As one example, it is possible to envision a general feed reader (similar to, for example, the popular 
Google Reader) aggregating several feeds, but these feeds are location-enabled and support location-based 
access. Such a "geofced reader" would probably use a map-based interface or at least some map view of the 
retrieved information. 4 In such an interface, the map view could be regarded as an "implicit query", so that 
user interactions with the map view would cause the feeds to be queried for the new view. Such an interface 
would be particularly interesting for mobile devices, which in many cases are used in LBS scenarios, and 
which also can benefit from the significant bandwidth optimization of only requesting those entries which 
are relevant to the current location or map view. 

While the LBS scenario in combination with query-enabled geofceds alone is a rather compelling use case, 
more complex models of user interests and situations than just the location [8] can also be employed. Mapping 
such a more complex situational model to feeds and feed queries (if they have various query capabilities) 
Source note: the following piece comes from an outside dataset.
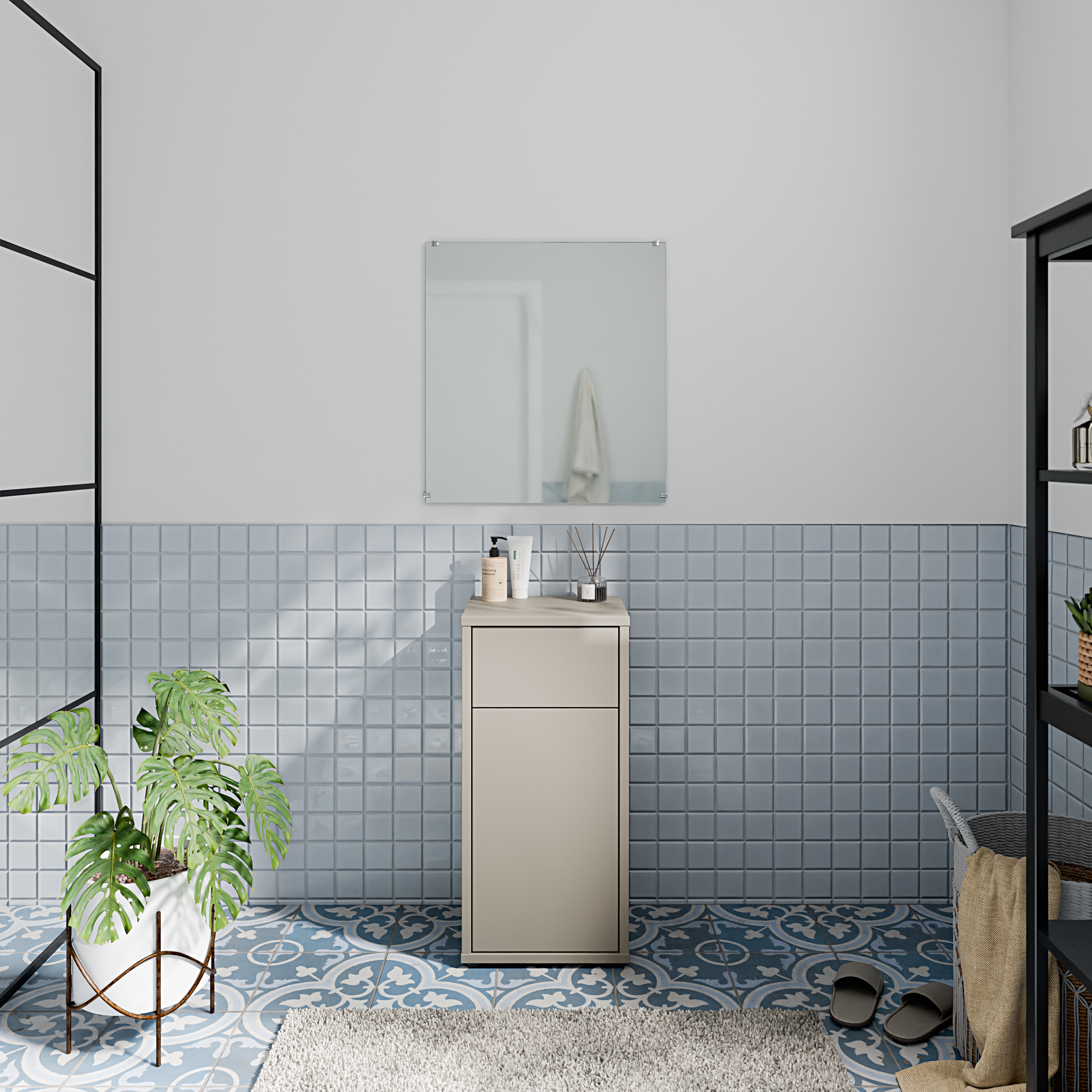 Diese Badkommode in der Farbgebung Taupe (U88) überzeugt mit kompakter Form und praktischer Ausstattung. Hinter der Tür mit einem Einlegeboden sowie in einem zusätzlichen Schubkasten lassen sich Pflegeartikel, Handtücher oder Reinigungsutensilien ordentlich und griffbereit verstauen. Das schlichte, einheitliche Design fügt sich harmonisch in moderne Bäder ein und lässt sich leicht mit weiteren Badmöbeln kombinieren. Durch ihre platzsparende Bauweise eignet sich die Kommode auch ideal für kleinere Räume. Eine funktionale Lösung für den täglichen Gebrauch - zum günstigen Preis bei MEGA Möbel, online oder vor Ort in Ihrer Filiale.

becomes a flexible and powerful way of service personalization. Feeds could be pulled from a large variety 
of providers, more traditional feed publishers such as news agencies, but also information from sources such 
as traffic sensors (when the situation is recognized as requiring traffic information). Generally, in such a 
scenario the situational context can be seen as a query into an aggregated set of feeds, and the expected 
response is the aggregated set of results from all of these services, providing the most useful information 
for the current situation. The hard challenges in this scenario are figuring out how to know which feeds 

4 Chen et al. [3] describe such a system with a specialized user interface, which is built on a proprietary platform for providing 
spatial and temporal query services.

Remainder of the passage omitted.